Mar 20 13:59:32 datengrab kernel: Out of memory: Kill process 3098 (django) score 6 or sacrifice child
Mar 20 13:59:32 datengrab kernel: Killed process 3098 (django) total-vm:396376kB, anon-rss:0kB, file-rss:0kB
Mar 20 13:59:32 datengrab kernel: btrfs-transacti invoked oom-killer: gfp_mask=0x2400840, order=0, oom_score_adj=0
Mar 20 13:59:32 datengrab kernel: btrfs-transacti cpuset=/ mems_allowed=0

the django process is taking about 400MB of RAM which is normal at times. btrfs-transaction thread is known to consume a lot of CPU, there’s a thread about it on btrfs mailing list also. I don’t have anything useful to add there, but, in this case 2GB RAM proved to be too little.

I’ll be watching out for this behavior in our environment here. And if others run into this issue, please report. I hope this is not caused by a bug in 4.4.5 kernel. But more data points the better.

arneko · March 24, 2016, 1:26pm

Alright, fair enough. 2 GB is not a lot, and it sure is cheap enough to upgrade.

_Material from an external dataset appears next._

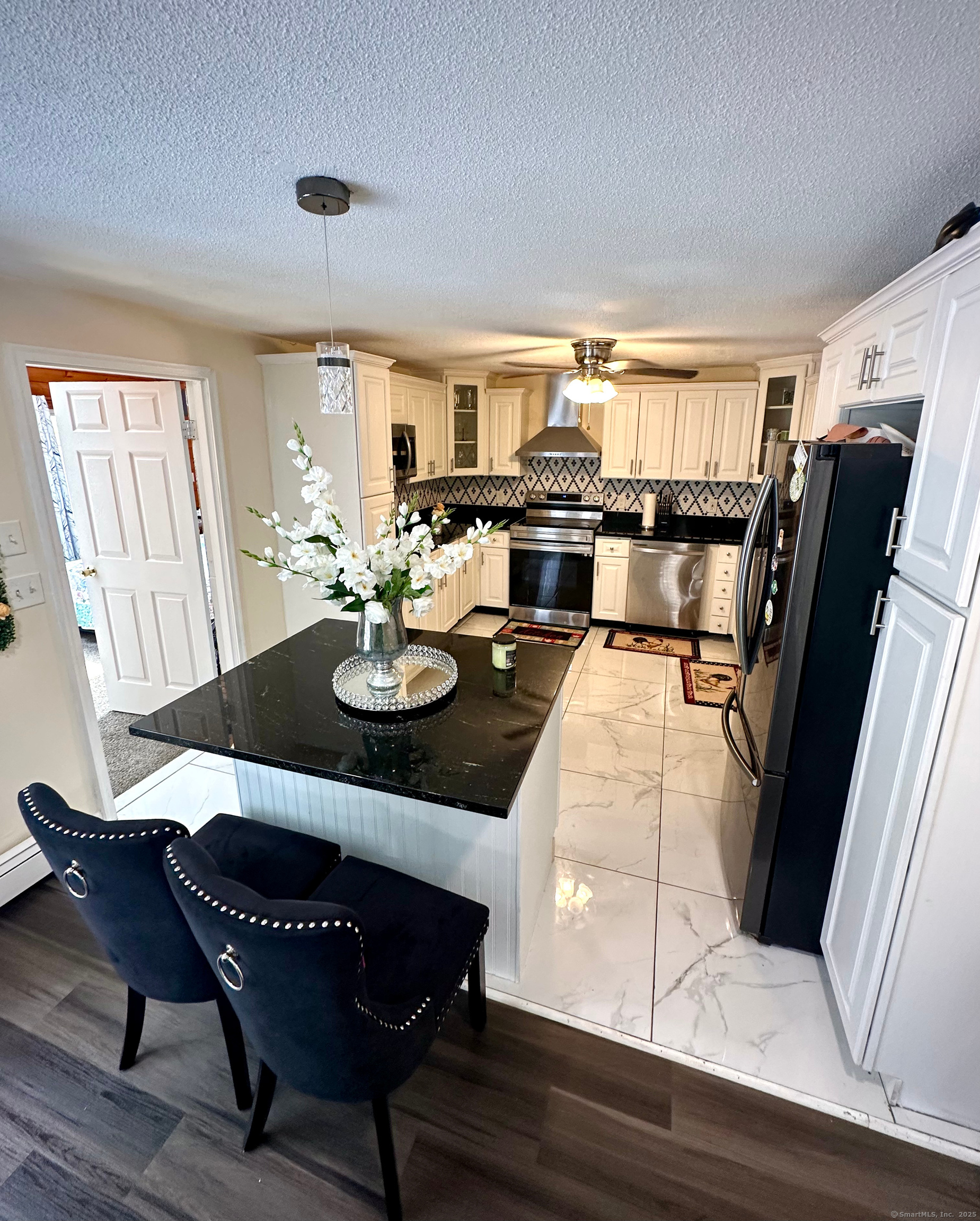 Welcome to 24 Bel Aire Circle, a beautifully renovated home in Windsor Locks. The owners have created a true oasis, thoughtfully expanding the home with additional bedrooms and another full bathroom (all permitted and reflected on town records). Each room offers tons of natural lighting, seamlessly blending style and comfort. The brand-new kitchen boasts stainless steel appliances, granite countertops, shaker cabinets, a new pantry, and a center island overlooking the dining area. Back door opens to a spacious backyard with pool-perfect for entertaining. The basement is roomy and has finished epoxy floors, framed for additional space of your choice; family room, gym, guest suite, etc. Don't miss an opportunity to take a look at this move in ready home.
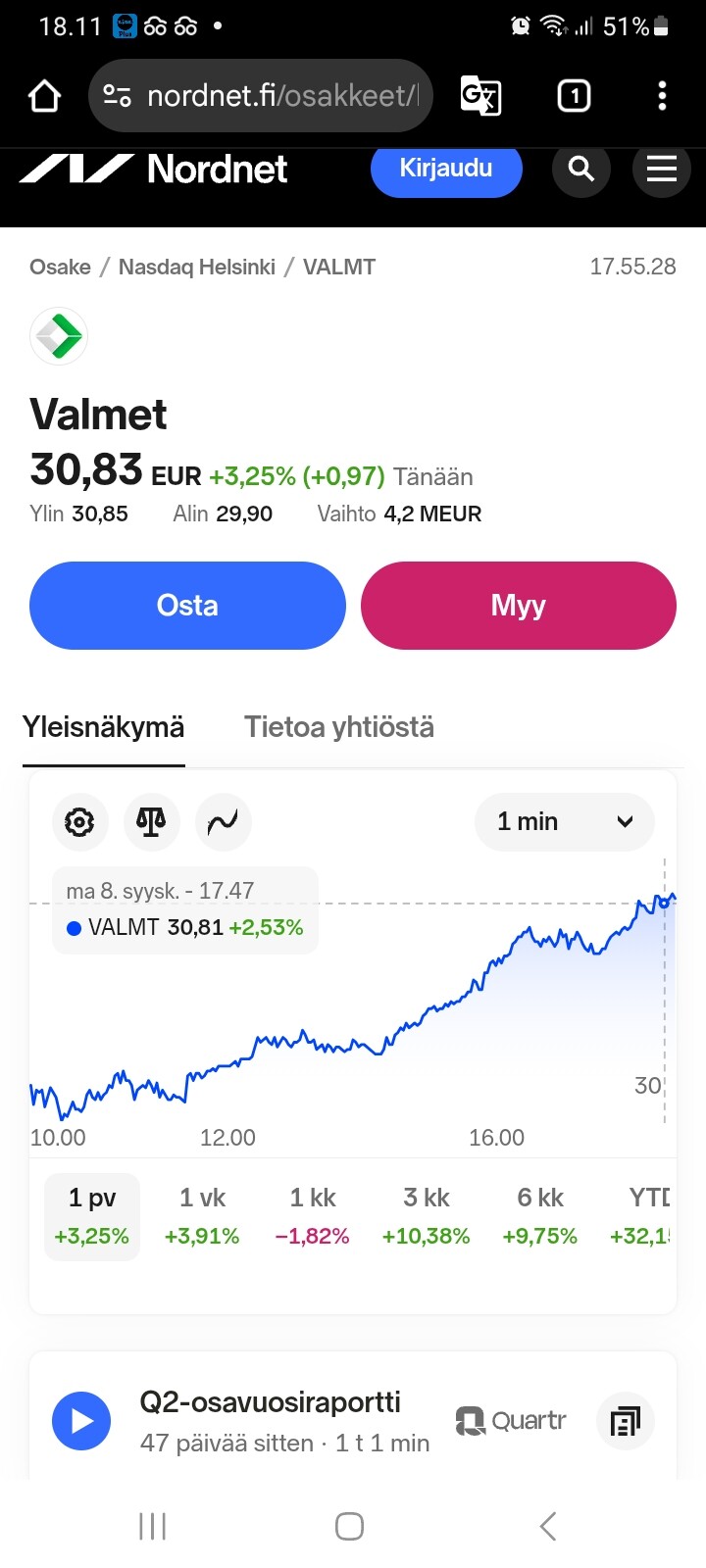 Ja nyt tuota jumitetaan .. vähän sellaisia nothingburgereita tuo ja Turkkiin liittyvät jutut mutta ainahan tuo kurssi reagoi jyrkästi vaikka firma on jo halpa.

I also tried with Kernel 4.2.5 with the same issue. So I guess we can rule out a kernel regression. The one thing that bothers me is, that it seemed to run fine before the upgrade.

I will try a clean install on another drive. If that runs smooth, there has to be something else. I will also, for funsies, try to shutdown “unnecessary” services (django). Is a systemctl stop rockstor enough to achieve that?

I actually run a btrfs drive on a small ARM machine without issues (2 GB RAM) and had the same drive on a raspberry Pi (256 and 512 MB) - not in a RAID mind you, so I am a little surprised that it shouldn’t run on my x64 machine.

What about swap btw. Rockstor’s standard installation creates a swap partition, but seems to set swappiness to 1 by itself. Not sure where that happens, but I guess it’s related to my running rockstor on a USB drive.